- Sire: Secretariat
- Grandsire: Bold Ruler
- Dam: Lassie Dear
- Damsire: Buckpasser
- Sex: Mare
- Foaled: April 8, 1980
- Country: United States
- Colour: Bay
- Breeder: Lane's End Farm
- Owner: William S. Farish
- Trainer: Del W. Carroll
- Jockey: Jorge Velásquez
- Record: 31-7-5-10
- Earnings: $402,892

Major wins
- Schuylerville Stakes (1982) Golden Rod Stakes (1982) Pocahontas Stakes (1982)

Awards
- Kentucky Broodmare of the Year (1992)

= Weekend Surprise =

American Thoroughbred racehorse

Weekend Surprise (April 8, 1980 – March 13, 2001) was an American Thoroughbred racehorse and dam of 1992 American Horse of the Year A.P. Indy and 1990 Preakness Stakes winner Summer Squall. She was sired by the famous Triple Crown winner Secretariat.

Although best known as a broodmare, Weekend Surprise was also a success on the track, winning seven races including the Schuylerville, Golden Rod and Pocahontas Stakes in 1982 as a two-year-old. She also placed in multiple stakes races at ages three and four.

==Racing career==
Weekend Surprise raced nine times as a two-year-old, winning five times with one second place and two third-place finishes.
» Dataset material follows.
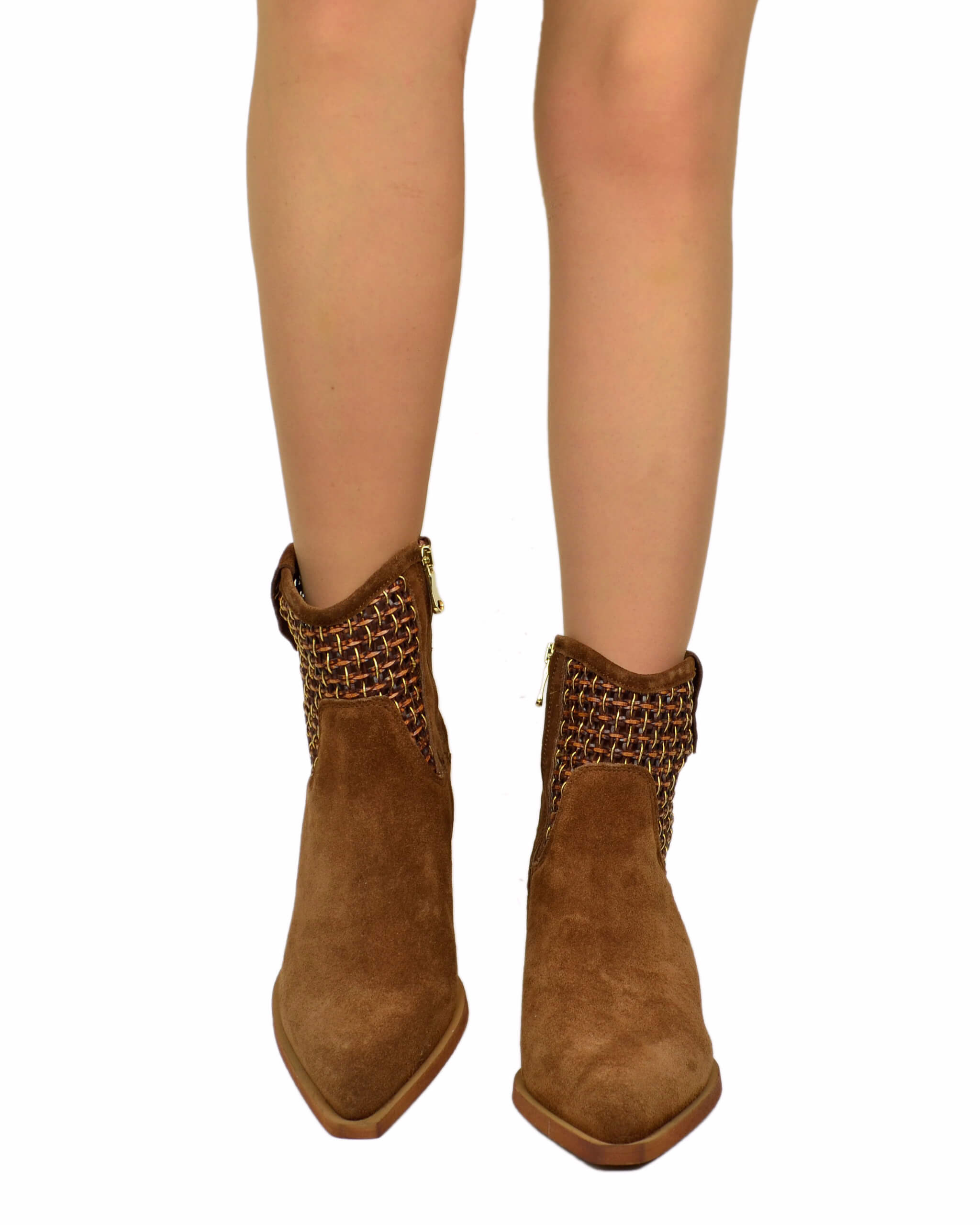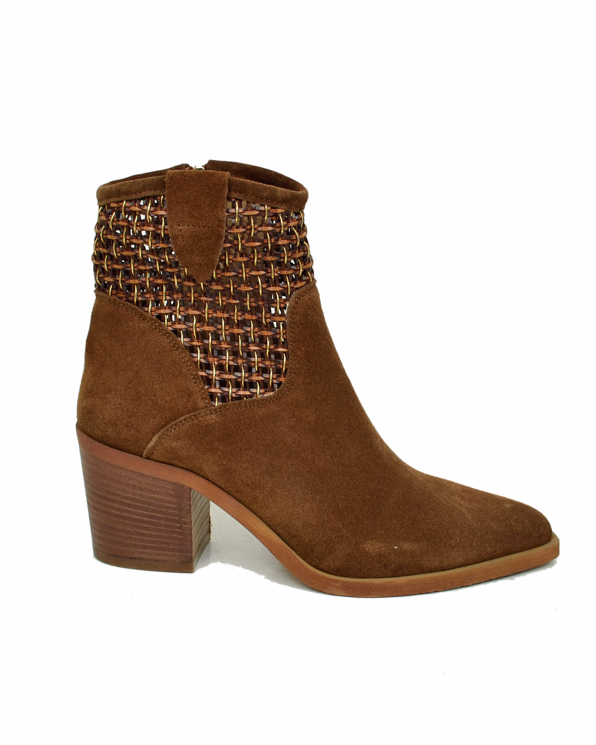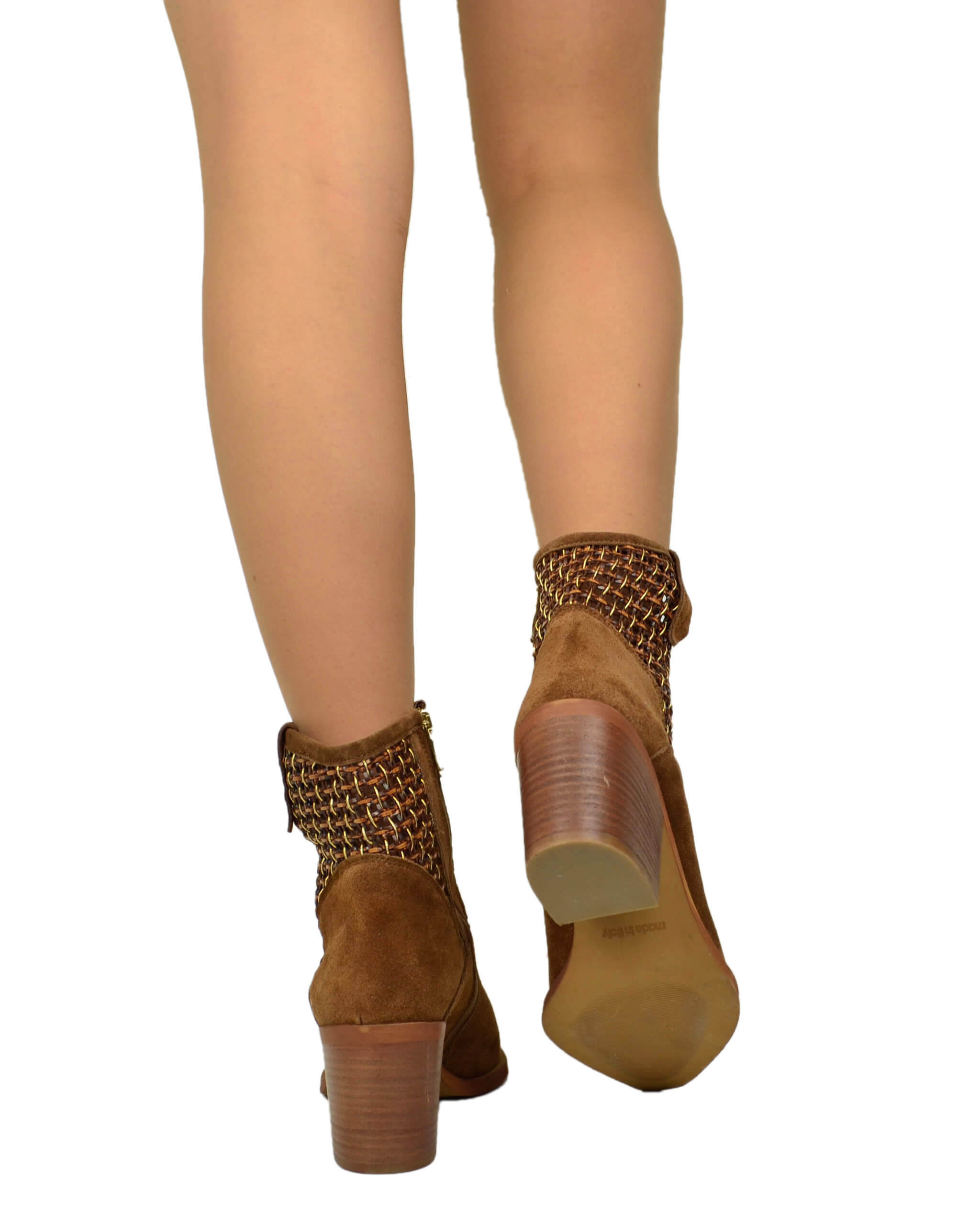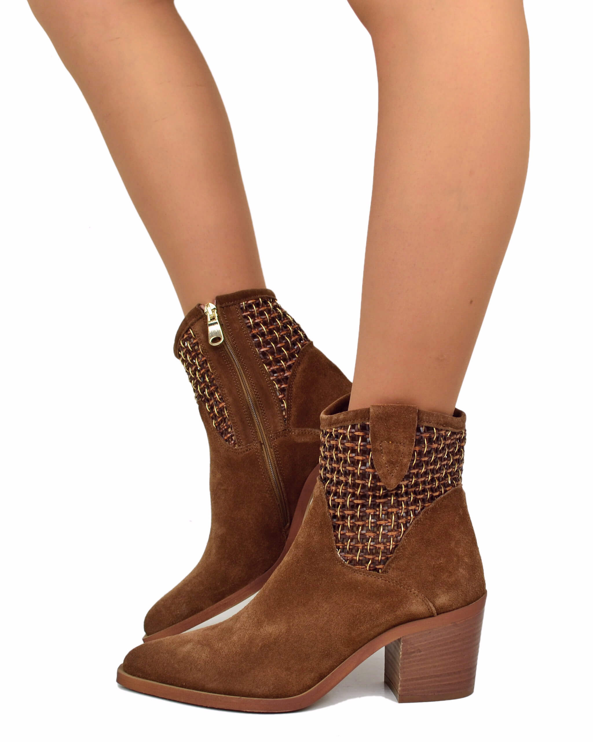 Bottines élégantes en daim tressé cuoio, talon large 7 cm

She won in her first start at Keeneland on April 21, 1982, then finished second in the Rosedale Stakes at Belmont on June 2. She next won the Schuylerville Stakes before finishing fifth in the Spinaway Stakes, both races held at Saratoga in August. She then finished third in two Grade I stakes at Belmont Park – the Matron and Frizette Stakes. She finished the year with two stakes wins at Churchill Downs in the Golden Rod and Pocahontas Stakes. On the Experimental Free Handicap, she was rated 114 pounds – 7 pounds below the two-year-old champion filly Landaluce.
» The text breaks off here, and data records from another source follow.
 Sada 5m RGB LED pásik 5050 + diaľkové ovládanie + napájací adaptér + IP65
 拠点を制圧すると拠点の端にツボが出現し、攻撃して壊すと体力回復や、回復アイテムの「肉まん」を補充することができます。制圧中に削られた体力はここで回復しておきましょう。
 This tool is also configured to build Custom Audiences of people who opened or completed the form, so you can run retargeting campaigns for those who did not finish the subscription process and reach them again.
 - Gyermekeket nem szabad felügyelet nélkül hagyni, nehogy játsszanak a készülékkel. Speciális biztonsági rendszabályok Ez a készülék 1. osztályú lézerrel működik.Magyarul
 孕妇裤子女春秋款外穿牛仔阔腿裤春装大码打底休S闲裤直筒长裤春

Her three-year-old campaign was less successful, with only 1 win from 10 starts. The highlights were second-place finishes in the Cumberland Handicap and Pleasant Hill Stakes, both at Churchill Downs, and third-place finishes in the Black-Eyed Susan Stakes at Pimlico and the La Troienne Stakes at Churchill Downs.
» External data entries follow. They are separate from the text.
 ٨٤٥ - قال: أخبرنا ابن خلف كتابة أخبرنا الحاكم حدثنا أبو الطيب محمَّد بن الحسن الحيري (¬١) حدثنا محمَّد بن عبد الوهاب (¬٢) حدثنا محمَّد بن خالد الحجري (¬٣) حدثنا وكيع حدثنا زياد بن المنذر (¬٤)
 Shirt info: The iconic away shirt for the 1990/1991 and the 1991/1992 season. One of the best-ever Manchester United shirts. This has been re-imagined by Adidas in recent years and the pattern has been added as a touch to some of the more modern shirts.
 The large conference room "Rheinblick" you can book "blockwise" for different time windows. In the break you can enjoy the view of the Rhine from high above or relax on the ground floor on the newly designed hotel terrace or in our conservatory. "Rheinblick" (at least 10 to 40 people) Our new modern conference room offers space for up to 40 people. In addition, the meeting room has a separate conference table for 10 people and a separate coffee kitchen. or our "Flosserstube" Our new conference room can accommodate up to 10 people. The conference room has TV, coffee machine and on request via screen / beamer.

At age four, the durable mare raced 12 times with only 1 win. The year started with promise when she finished second in both the El Encino and La Canada Stakes, then third in the Santa Margarita Invitational, but she had a series of poor performances over the spring and early summer in California. Shipped back east, she improved to finish third in the Grade I Delaware Handicap, followed by a third and her lone win of the year in allowance races. In her final race on November 9, she finished third in the Grade II Long Look Handicap at the Meadowlands.

==Broodmare career==

Weekend Surprise produced 14 foals, 9 of whom became winners. She is one of the few mares to have produced two winners of American Classic races, Summer Squall and A. P. Indy. In 1992 she was voted the Kentucky Broodmare of the Year.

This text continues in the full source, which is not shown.